2.    Following on from my earlier descriptive work, I developed a working hypothesis to harness the acute stress response to augment T-cell therapeutics and allogeneic peripheral blood stem cell transplantation. I showed for the first time that exercise evokes a preferential mobilization of T-cells specific to a number of herpes viruses (i.e. CMV, EBV) and increases their responses to viral antigens. Low numbers of antigen-specific T-cells in blood are a major limitation for the ex vivo manufacture of cytotoxic T-cells for adoptive transfer immunotherapy. I showed that a single bout of exercise can markedly augment the manufacture of T-cells specific to both virus and tumor antigens, thus making exercise a simple and economical adjuvant to boost immune cell manufacture for adoptive transfer in cancer patients. Our most recent mechanistic work in this area has shown that exercise mobilizes and activates CD34+ stem cells, NK-cells and T-cells via signaling through the b2-adrenergic receptor, which we are now using as a therapeutic target to increase the efficacy and safety of allogeneic peripheral blood stem cell transplantation. I served as the senior investigator in all of these studies/papers:

a.    Agha NH, Baker FL, Kunz HE, Graff R, Azadan R, Dolan C, Laughlin MS, Hosing C, Markofski MM, Bond RA, Bollard CM & Simpson RJ. (2018). Vigorous exercise mobilizes CD34+ hematopoietic stem cells to peripheral blood via the β2-adrenergic receptor. Brain, Behavior and Immunity, 68, 66-75

b.    Graff RM, Kunz HE, Agha NH, Baker FL, Laughlin M, Bigley AB, Markofski MM, LaVoy EC, Katsanis E, Bond RA, Bollard CM, Simpson RJ. (2018) β2-adrenergic receptor signaling mediates the preferential mobilization of differentiated subsets of CD8+ T-cells, NK-cells and non-classical monocytes in response to acute exercise in humans. Brain, Behavior and Immunity, 74, 143-153.
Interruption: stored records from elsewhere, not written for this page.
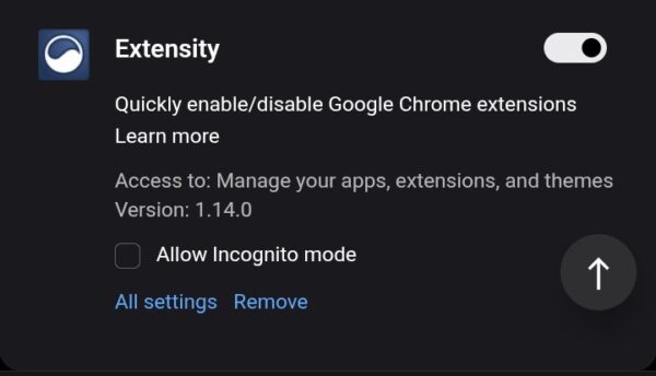 Toggle extensions off to disable them temporarily without uninstalling. This helps when you suspect an extension is causing problems or slowing down your browser. Tap an extension’s name to access its detailed settings page.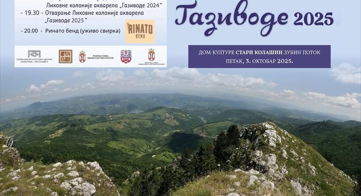 Likovna kolonija akvarela “Gazivode 2025” biće otvorena sutra (3. oktobar) u 19:30h u Domu kulture “Stari Kolašin” u Zubinom Potoku. Likovna kolonija akvarela, koja se po 21. put organizuje u Zubinom Potoku, predstavlja značajno organizatorsko i stvaralačko pregnuće i daje značajan doprinos kulturnom životu na prostoru Kosova i Metohije. Pre svečanog otvaranja ovogodišnje likovne kolonije, […]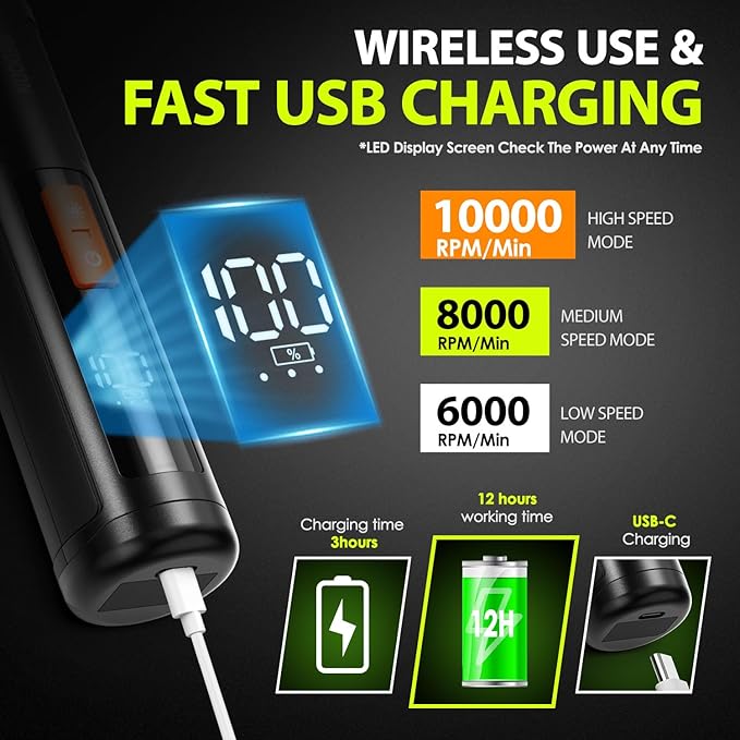 - 【3 Speed Switch & Grinding Ports】: IREDOON dog nail trimmer boasts a 3-speed switch and 3 grinding ports, which allows pet owners to adjust the speed and grinding settings based on their pet's size and nail hardness.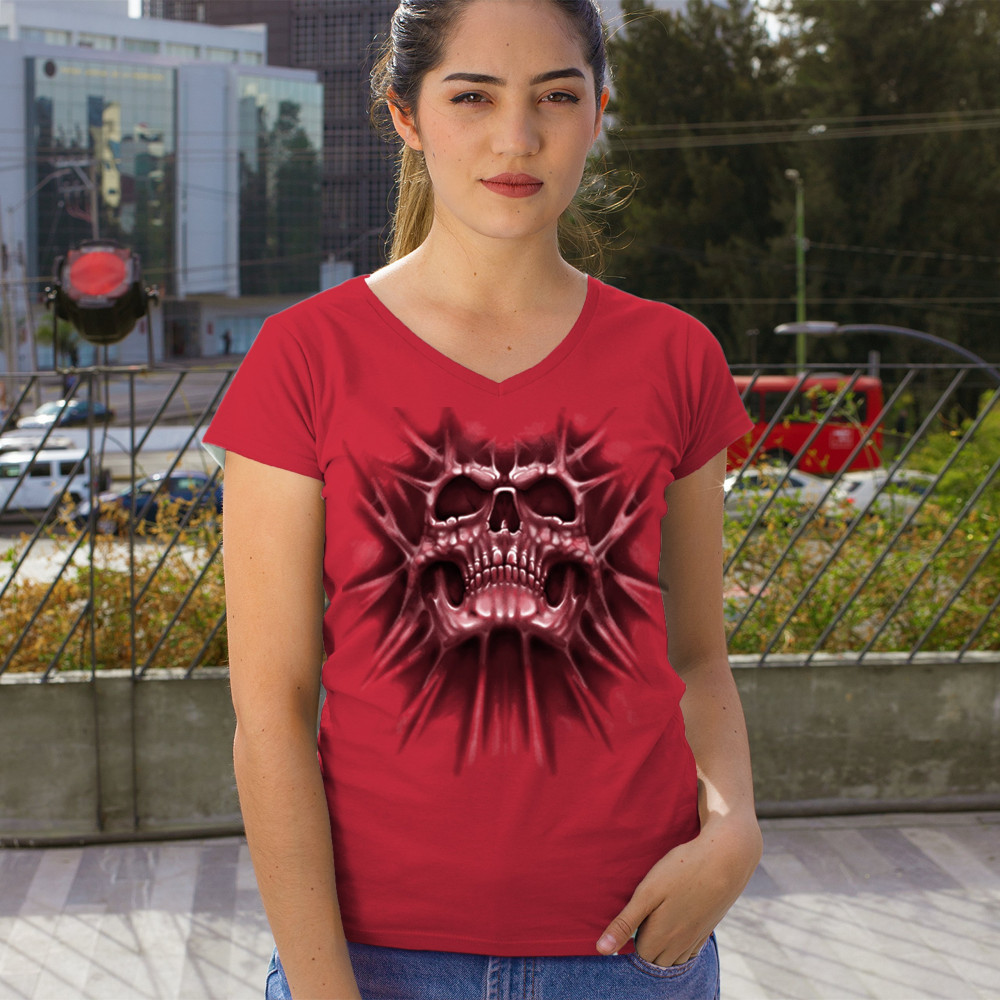 Gothic skull biker shirt with roots design. Perfect for Metalhead, Rock n Roll fans, edgy rebel fashion, and spooky Halloween vibes.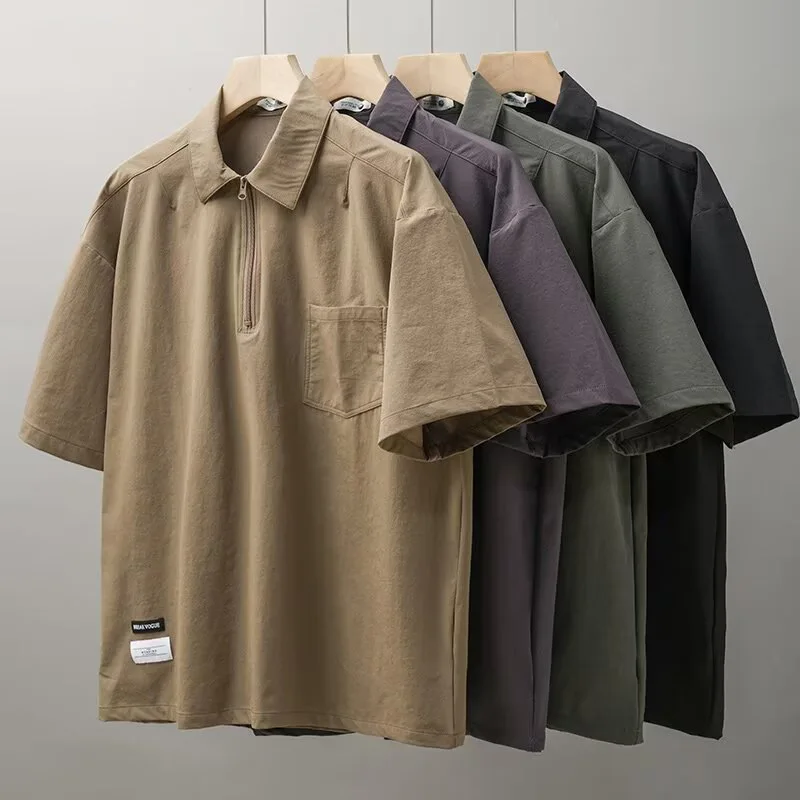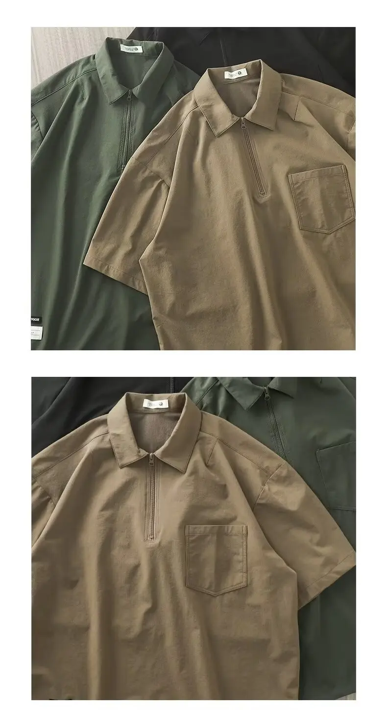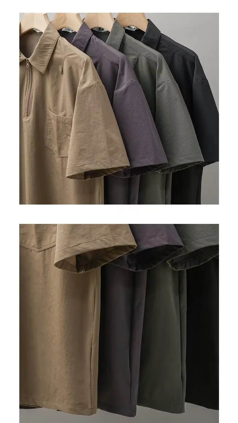 Summer Men's Short Sleeve T-shirt With Cargo Pocket Casual Cotton Tops Y2K Streetwear Oversized Tee Shirts Men Clothing 5XL

c.    Simpson, R.J. A.B. Bigley, N. Agha, P.J. Hanley and C.M. Bollard (2017). Mobilizing immune cells for cancer immunotherapy. Exercise and Sports Sciences Reviews, 45, 163-172.
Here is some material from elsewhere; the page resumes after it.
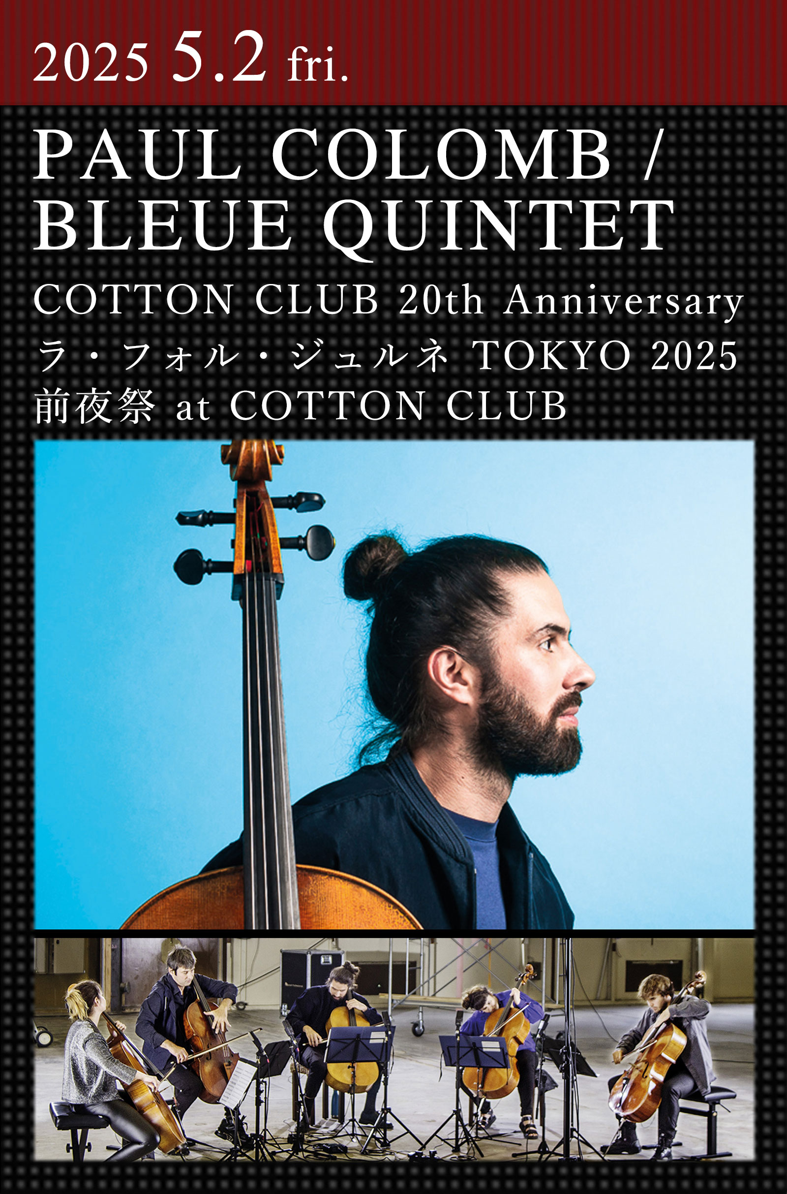 毎年ゴールデンウィークに東京国際フォーラム周辺で開催される、世界最大級のクラシック音楽祭「ラ・フォル・ジュルネ」とコットンクラブが、初の共同企画を実施する。題して「COTTON CLUB 20th Anniversary ラ・フォル・ジュルネ TOKYO 2025 前夜祭」。出演は、2022年に創設された実験精神あふれるチェロ五重奏団 ポール・コロン/ブルー・クインテット。リーダーのポール・コロンはフランス出身で、スイス・ローザンヌ音楽院にてフランソワ・サルクに師事。インド・バンガロール音楽学校で教鞭をとった経験を持つ、気鋭のチェリスト/作曲家/編曲家である。ステージでは、話題作『Bleue Quintet』(Mirare)からの楽曲を中心に、伝統的な室内楽と電子音楽を融合させた独創的な音楽世界を展開する。スペシャルゲストとして、大林武司 (p) の参加も決定!この日だけの特別なコラボレーションをお楽しみください。

d.    Spielmann, G., Bollard, C.M., Kunz, H., Hanley, P.J. and R.J. Simpson. (2016). A single exercise bout enhances the ex vivo manufacture of viral-specific T-cells from healthy donors: implications for allogeneic adoptive transfer immunotherapy. Scientific Reports, 16;6:25852

 

3.    I have a strong interest in how viral infections shape immune cell composition and function, particularly in the context of aging, stress and exercise. My NASA-funded research examines the effects of space travel, simulated microgravity analogs and extreme isolation on immune function and viral reactivation. Recently I have shown that CMV infection improves NK-cell function against tumor target cells expressing HLA-E and implicated the NK-cell activating receptor NKG2C in the response.  This preliminary work stemmed a recent R21 award focused on investigating the impact of CMV on NK-cell reconstitution and clinical outcomes in patients with multiple myeloma undergoing autologous stem cell transplantation. I served as the senior investigator/author in all of these studies/papers:

a.    Bigley, A.B., Agha, N.H., Baker, F.L., Spielmann, G., Kunz, H.E., Mylabathula, P.L., Rooney, B.V., Laughlin, M.S., Mehta, S.K., Pierson, D.L., Crucian, B.E. & R.J. Simpson (2019). NK-cell function is impaired during long-duration spaceflight. Journal of Applied Physiology, 126, 469-476.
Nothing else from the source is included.